GIVEN MATERIAL:
^^^^^^^^
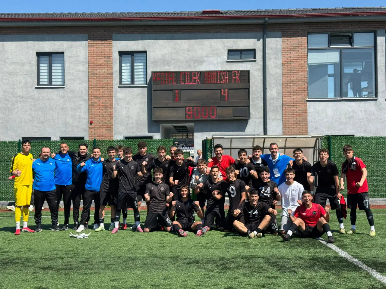 Karşılaşmanın ilk yarısı dengeli bir oyunla golsüz eşitlikle tamamlandı. İkinci yarıda kalesinde gördüğü golle 1-0 geriye düşen Manisa FK, bu dakikadan sonra oyunun kontrolünü tamamen eline aldı. Hücumda etkili bir performans ortaya koyan Manisa temsilcisi, üst üste bulduğu gollerle skoru 4-1’e getirerek sahadan net bir galibiyetle ayrıldı. Mücadelenin bitiş düdüğüyle birlikte sahada büyük sevinç yaşanırken, tribünlerde takımlarını yalnız bırakmayan aileler de bu coşkuya ortak oldu. Manisa FK’nın gollerini Kaan Altınbaş, Oğuzhan Yurtdaş, Ada Kayra Kököz ve Yusuf İmer kaydetti.
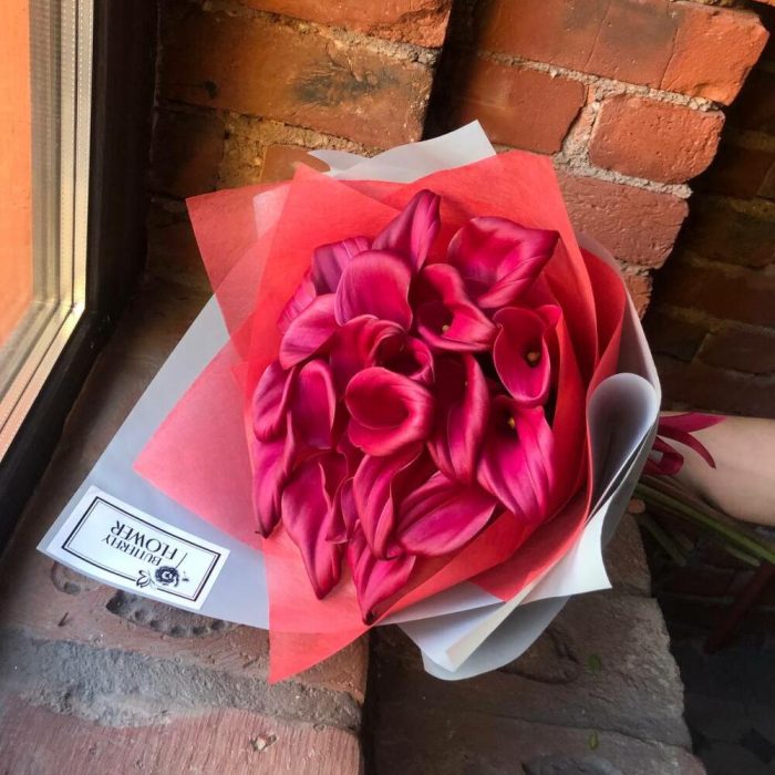Букет из 21 бордовой каллы в стильной упаковке “Минна”
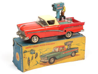 longueur 29,5 cm - avec moteur à clef & caméraman rotatif (fonctionnent) - quelques petits frottements par endroits - parties chromées plus ou moins ternies avec petites traces d'oxydation par endroits - vitre de lunette arrière déformée - un rabat de boîte non d'origine
^^^^^^^^
AIM OF THE TASK: All of the preceding material should be output verbatim, with the pictures excluded.

SOLUTION FOR THIS PROBLEM:
 Karşılaşmanın ilk yarısı dengeli bir oyunla golsüz eşitlikle tamamlandı. İkinci yarıda kalesinde gördüğü golle 1-0 geriye düşen Manisa FK, bu dakikadan sonra oyunun kontrolünü tamamen eline aldı. Hücumda etkili bir performans ortaya koyan Manisa temsilcisi, üst üste bulduğu gollerle skoru 4-1’e getirerek sahadan net bir galibiyetle ayrıldı. Mücadelenin bitiş düdüğüyle birlikte sahada büyük sevinç yaşanırken, tribünlerde takımlarını yalnız bırakmayan aileler de bu coşkuya ortak oldu. Manisa FK’nın gollerini Kaan Altınbaş, Oğuzhan Yurtdaş, Ada Kayra Kököz ve Yusuf İmer kaydetti.
Букет из 21 бордовой каллы в стильной упаковке “Минна”
 longueur 29,5 cm - avec moteur à clef & caméraman rotatif (fonctionnent) - quelques petits frottements par endroits - parties chromées plus ou moins ternies avec petites traces d'oxydation par endroits - vitre de lunette arrière déformée - un rabat de boîte non d'origine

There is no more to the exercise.